ACTIVITY: Would you return the listing exactly as written, apart from its pictures?

INFORMATION SHOWN:
———

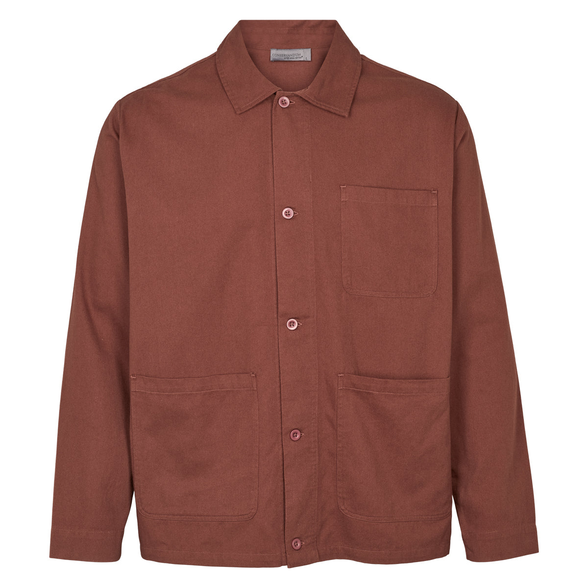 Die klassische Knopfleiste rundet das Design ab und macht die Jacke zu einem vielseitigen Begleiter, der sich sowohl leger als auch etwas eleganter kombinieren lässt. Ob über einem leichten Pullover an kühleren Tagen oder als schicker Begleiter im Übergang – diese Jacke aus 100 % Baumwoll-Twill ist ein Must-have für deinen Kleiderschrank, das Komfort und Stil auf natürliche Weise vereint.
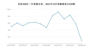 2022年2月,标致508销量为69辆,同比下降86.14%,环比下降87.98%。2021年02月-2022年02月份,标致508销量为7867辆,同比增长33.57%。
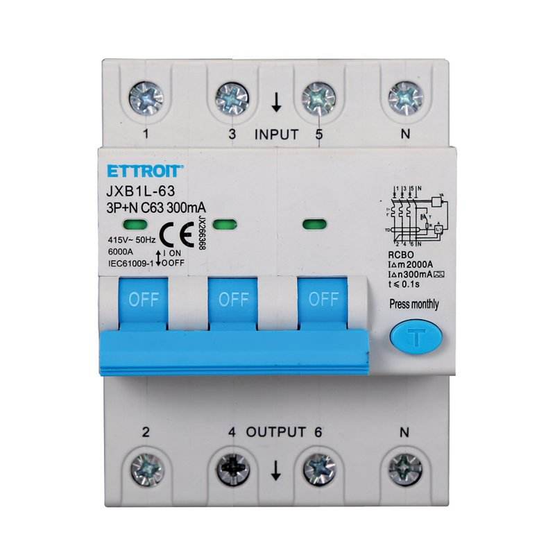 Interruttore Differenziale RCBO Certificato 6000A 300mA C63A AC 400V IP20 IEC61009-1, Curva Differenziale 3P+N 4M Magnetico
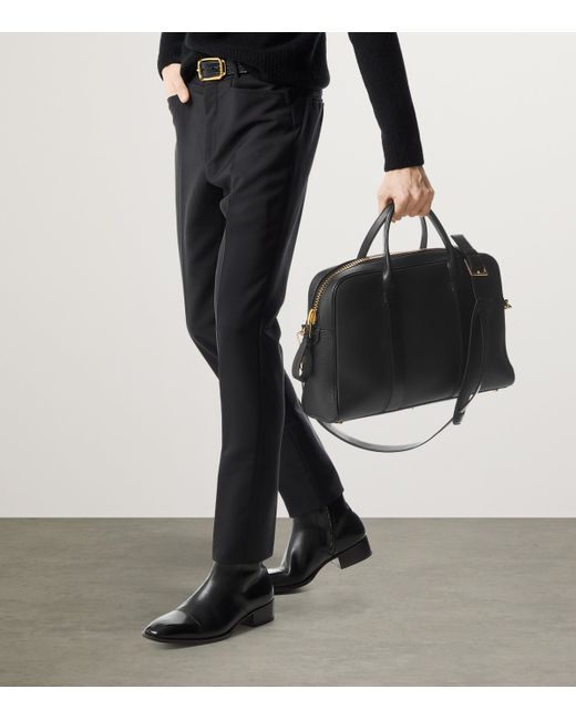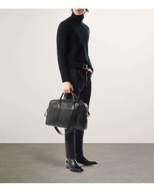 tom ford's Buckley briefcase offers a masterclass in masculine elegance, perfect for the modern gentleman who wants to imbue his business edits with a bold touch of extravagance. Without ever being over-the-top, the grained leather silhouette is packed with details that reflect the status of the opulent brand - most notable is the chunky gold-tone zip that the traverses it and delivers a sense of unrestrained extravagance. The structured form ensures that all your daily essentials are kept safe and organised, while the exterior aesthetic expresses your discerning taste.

———

PROBLEM SOLUTION:
 Die klassische Knopfleiste rundet das Design ab und macht die Jacke zu einem vielseitigen Begleiter, der sich sowohl leger als auch etwas eleganter kombinieren lässt. Ob über einem leichten Pullover an kühleren Tagen oder als schicker Begleiter im Übergang – diese Jacke aus 100 % Baumwoll-Twill ist ein Must-have für deinen Kleiderschrank, das Komfort und Stil auf natürliche Weise vereint.
 2022年2月,标致508销量为69辆,同比下降86.14%,环比下降87.98%。2021年02月-2022年02月份,标致508销量为7867辆,同比增长33.57%。
 Interruttore Differenziale RCBO Certificato 6000A 300mA C63A AC 400V IP20 IEC61009-1, Curva Differenziale 3P+N 4M Magnetico
 tom ford's Buckley briefcase offers a masterclass in masculine elegance, perfect for the modern gentleman who wants to imbue his business edits with a bold touch of extravagance. Without ever being over-the-top, the grained leather silhouette is packed with details that reflect the status of the opulent brand - most notable is the chunky gold-tone zip that the traverses it and delivers a sense of unrestrained extravagance. The structured form ensures that all your daily essentials are kept safe and organised, while the exterior aesthetic expresses your discerning taste.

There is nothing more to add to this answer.